1.2 Hints for getting started
You have to design and implement the system above using a sound-based physical layer that we provide. There are two variants of this physical layer. The first one will use your laptop’s loudspeaker and microphone to wirelessly send and receive information using sound. Because we do not want you to sit together with your group mate in the same room (to avoid the risk of Corona infection), we also make available a variant for virtualized sound communication. This latter variant is using a server we provide, and which you communicate to using the standard networking facilities of your laptop. Using a special web-interface you can configure node (instance) locations and other settings of this virtual sound channel.
Your program will have to connect to either the audio software or emulation 2
server. This will be handled for you by a small framework you can download from Canvas (in either Java or C++). Both frameworks provide you with a queue in which received messages will appear and a queue for data frames you want to transmit. There are 2 messages types you can send and 6 you can receive. These messages types are specified below.
Sending:
DATA: With this message you can send a frame of 32 bytes of data. The framework will handle sending this to the audio interface or emulation server, you just have to provide the bytes. If the number of bytes provided is less than the frame length (32 bytes), the frame will be padded with random bytes. If the number of bytes provided is more than the frame length, the excess bytes will be discarded.
DATA SHORT: With this message you can send a short frame of 2 bytes of data. If the number of bytes provided is less than 2 bytes, the frame will be padded with random bytes. If the number of bytes provided is more than 2 bytes, the excess bytes will be discarded.
Receiving:
BUSY: You will receive this when the channel becomes busy.
FREE: You will receive this when the channel becomes free.
DATA: You received a data frame, this message will contain data as bytes
(specifics depending on your programming language).
note: a data frame will be received by all nodes within the transmission range and listening to the channel of a transmitter, only if no other node within the interference range of the receiver does a transmission on the same channel overlapping in time. DATA SHORT: You received a short data frame, this message will contain data as bytes (specifics depending on your programming language). SENDING: A frame has started being transmitted. You can send multiple frames during transmission, which will be queued. You will receive this message when each of them starts transmitting.
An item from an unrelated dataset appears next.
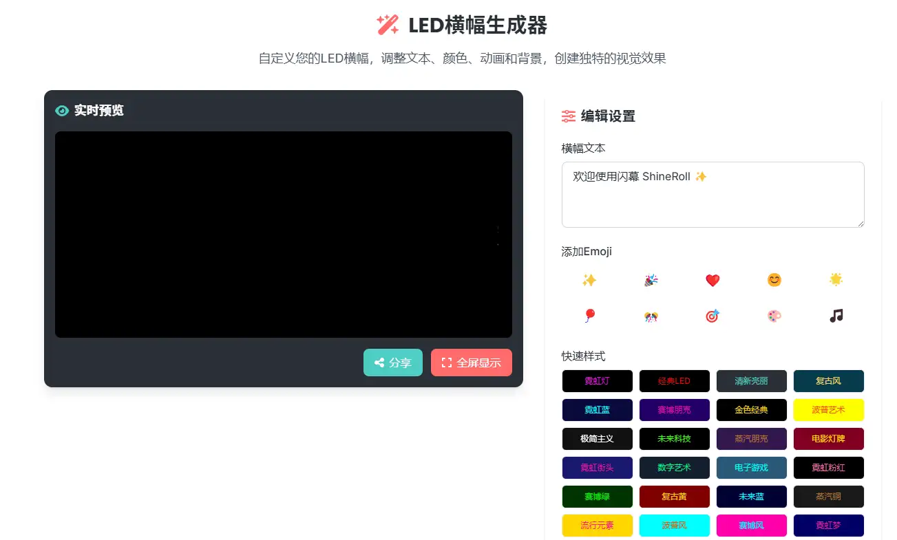- 为了让设计出的横幅更具吸引力和活力,该工具特别融入了动态 LED 效果。在设计过程中,用户可以轻松添加如闪烁、流动、渐变等丰富的 LED 动态效果到横幅的关键元素上。例如,将闪烁效果应用于活动主题文字,使其在众多信息中脱颖而出,瞬间抓住观众的眼球;或者为促销优惠信息添加流动效果,营造出一种紧迫感和动感氛围,激发观众的参与欲望。动态 LED 效果的巧妙运用,不仅让静态的横幅瞬间生动起来,更能在视觉上形成强烈的冲击力,有效提升横幅的吸引力和传播力,尤其适合用于需要营造热烈氛围和吸引持续关注的活动场景。

DONE SENDING: You will receive this when all queued frames have been transmitted.
Example:
We have node A and node B, they are in range of each other. A starts sending a frame (DATA), it will receive SENDING and BUSY. When the data has been transmitted it will receive DONE SENDING and FREE. During the same time node B will have seen BUSY around the same time node A received this. B will receive DATA and FREE once A’s transmission is complete.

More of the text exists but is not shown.